> [What you should do] Please copy exactly the part of the records below that opens with the line containing "全国总工会机关12月1日举办" and closes with the line containing "Straight, ankle length", leaving out any pictures.

BEGIN Data for analysis

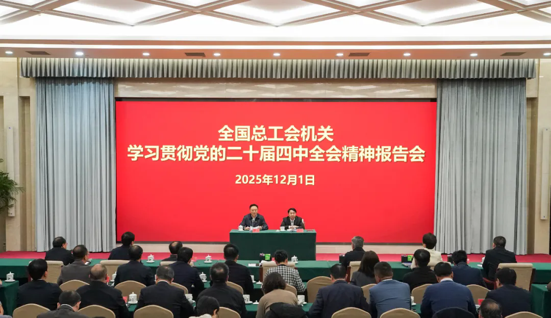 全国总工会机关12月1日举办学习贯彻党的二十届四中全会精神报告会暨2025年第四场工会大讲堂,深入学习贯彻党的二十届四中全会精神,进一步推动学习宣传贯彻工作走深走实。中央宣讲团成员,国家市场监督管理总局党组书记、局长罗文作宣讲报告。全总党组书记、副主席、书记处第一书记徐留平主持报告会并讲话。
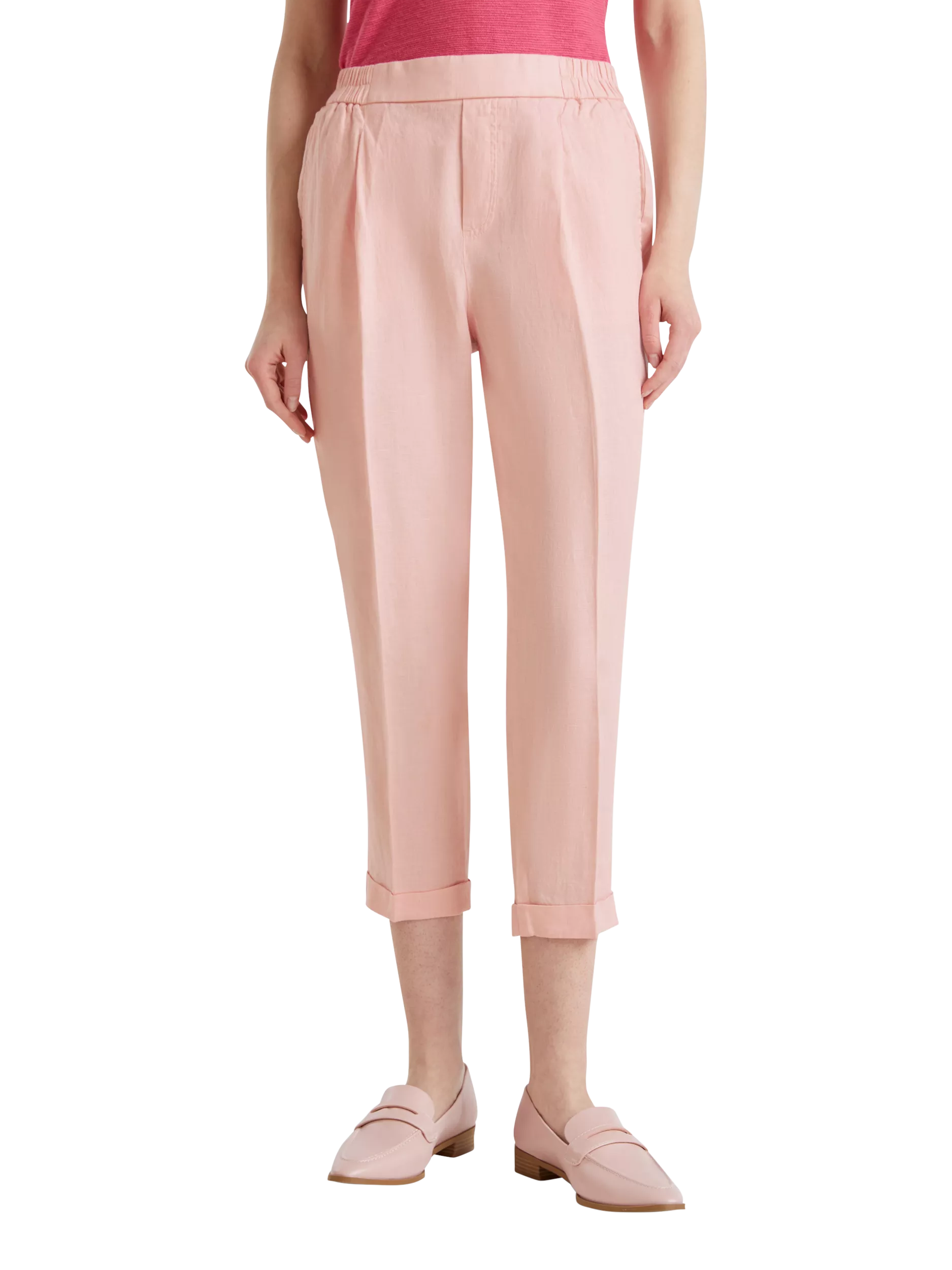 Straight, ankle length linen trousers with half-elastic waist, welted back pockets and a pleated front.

END Data for analysis
BEGIN Data for analysis

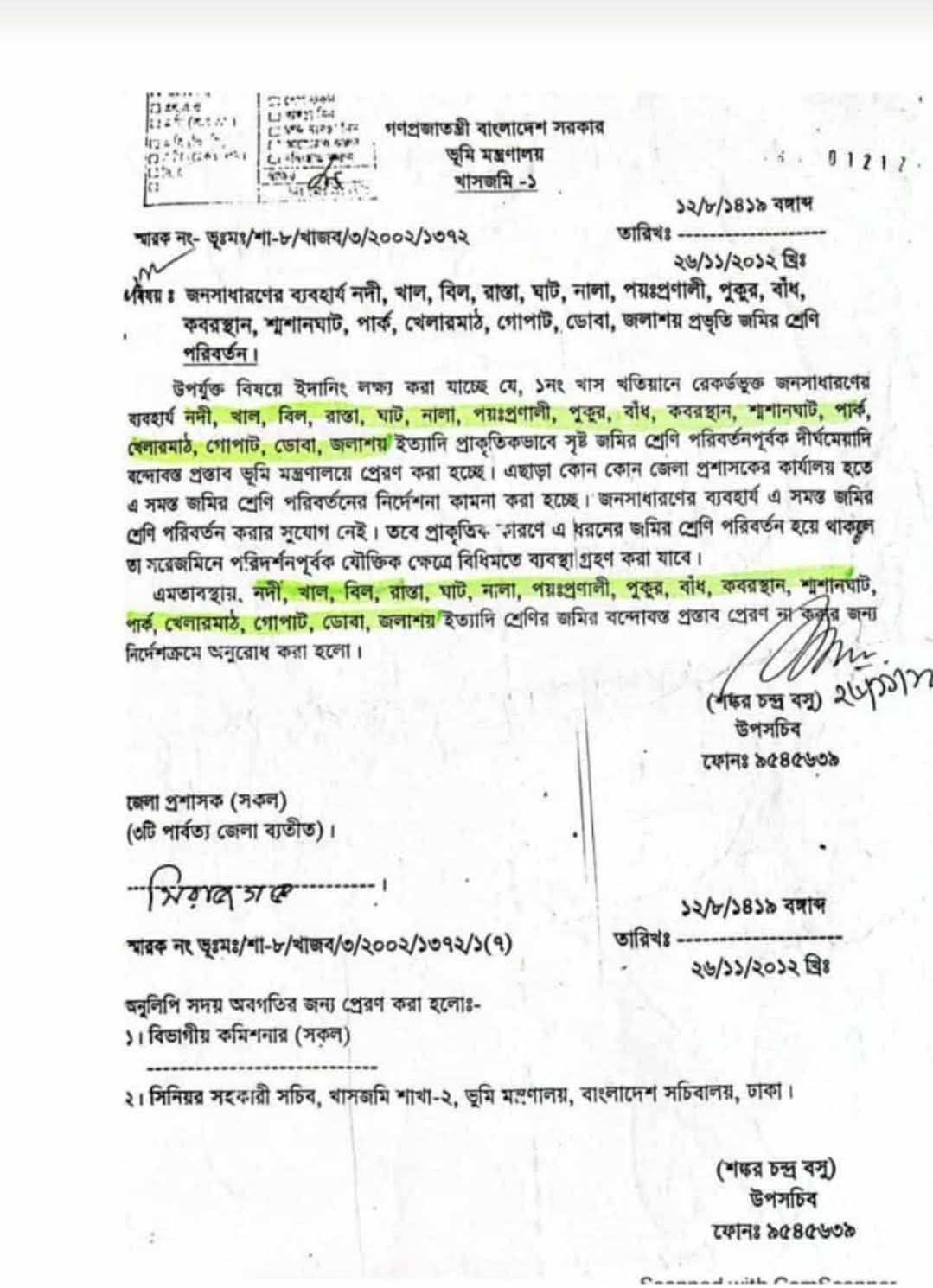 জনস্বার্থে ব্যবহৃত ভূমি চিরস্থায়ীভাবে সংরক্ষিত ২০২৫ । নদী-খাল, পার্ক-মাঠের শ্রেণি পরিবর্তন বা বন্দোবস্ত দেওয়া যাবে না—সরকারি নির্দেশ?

END Data for analysis
BEGIN Data for analysis

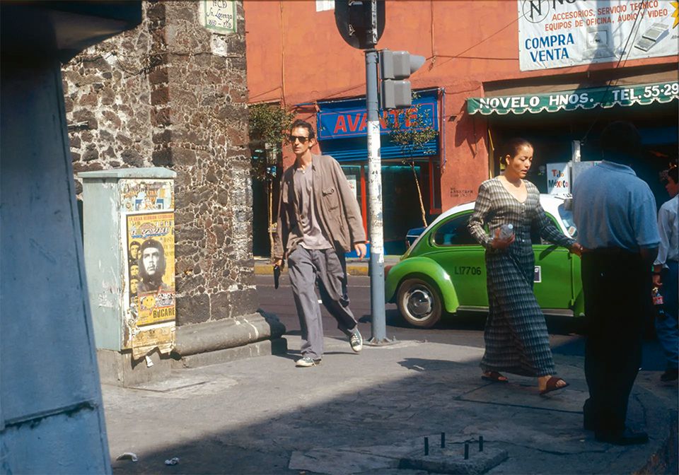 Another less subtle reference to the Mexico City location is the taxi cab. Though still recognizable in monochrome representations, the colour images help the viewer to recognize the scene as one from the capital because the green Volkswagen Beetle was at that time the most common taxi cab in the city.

END Data for analysis

> [Answer to this exercise]
 全国总工会机关12月1日举办学习贯彻党的二十届四中全会精神报告会暨2025年第四场工会大讲堂,深入学习贯彻党的二十届四中全会精神,进一步推动学习宣传贯彻工作走深走实。中央宣讲团成员,国家市场监督管理总局党组书记、局长罗文作宣讲报告。全总党组书记、副主席、书记处第一书记徐留平主持报告会并讲话。
 Straight, ankle length linen trousers with half-elastic waist, welted back pockets and a pleated front.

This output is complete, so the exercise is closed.